Functional ionic liquids for enhancement of Li-ion transfer: the effect of cation structure on the charge-discharge performance of the Li4Ti5O12 electrode.

As the development of high energy-density Li-ion batteries moves ahead, ensuring safety of the batteries has become increasingly important. Among the unique physicochemical properties of ionic liquids, thermal stability can be one of the answers to the challenge. The use of ionic liquids, however, causes critical issues concerning the kinetics of Li-ion transfer at the electrode-electrolyte interface.
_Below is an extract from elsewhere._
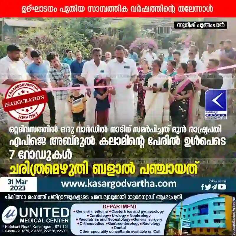Roads | ഒറ്റദിവസത്തിൽ ഒരു വാർഡിൽ നാടിന് സമർപിച്ചത് മുൻ രാഷ്ട്രപതി എപിജെ അബ്ദുൾ കലാമിന്റെ പേരിൽ ഉൾപെടെ 7 റോഡുകൾ; ചരിത്രമെഴുതി ബളാൽ പഞ്ചായത്

In the present study, ionic liquids consisting of 1-((2-methoxyethoxy)methyl)-1-methylpiperidinium (PP1MEM) or 1-hexyl-1-methylpiperidinium (PP16) and bis(trifluoromethanesulfonyl)amide (TFSA) were applied to an electrolyte for Li-ion batteries, and we investigated the effect of cation structure on interfacial Li-ion transfer using Li4Ti5O12 as a model electrode by means of Raman spectroscopy and electrochemical impedance spectroscopy. It was found that the ether functional group in the PP1MEM cation has the meaningful function; the cation structure reduces the electrostatic interaction between the Li ion and TFSA anions in an ionic liquid electrolyte. The solvation number of the TFSA anion per Li ion consequently became smaller than that in PP16-TFSA, and the lower solvation number in PP1MEM-TFSA allowed the facile Li-ion diffusion in the electrolyte bulk rather than the interfacial Li-ion transfer and significantly improved the rate performance. The results offer the prospect of utilization of PP1MEM-TFSA as an electrolyte solvent. The knowledge obtained from this study contributes to the development of next-generation Li-ion batteries having both high energy density and high safety.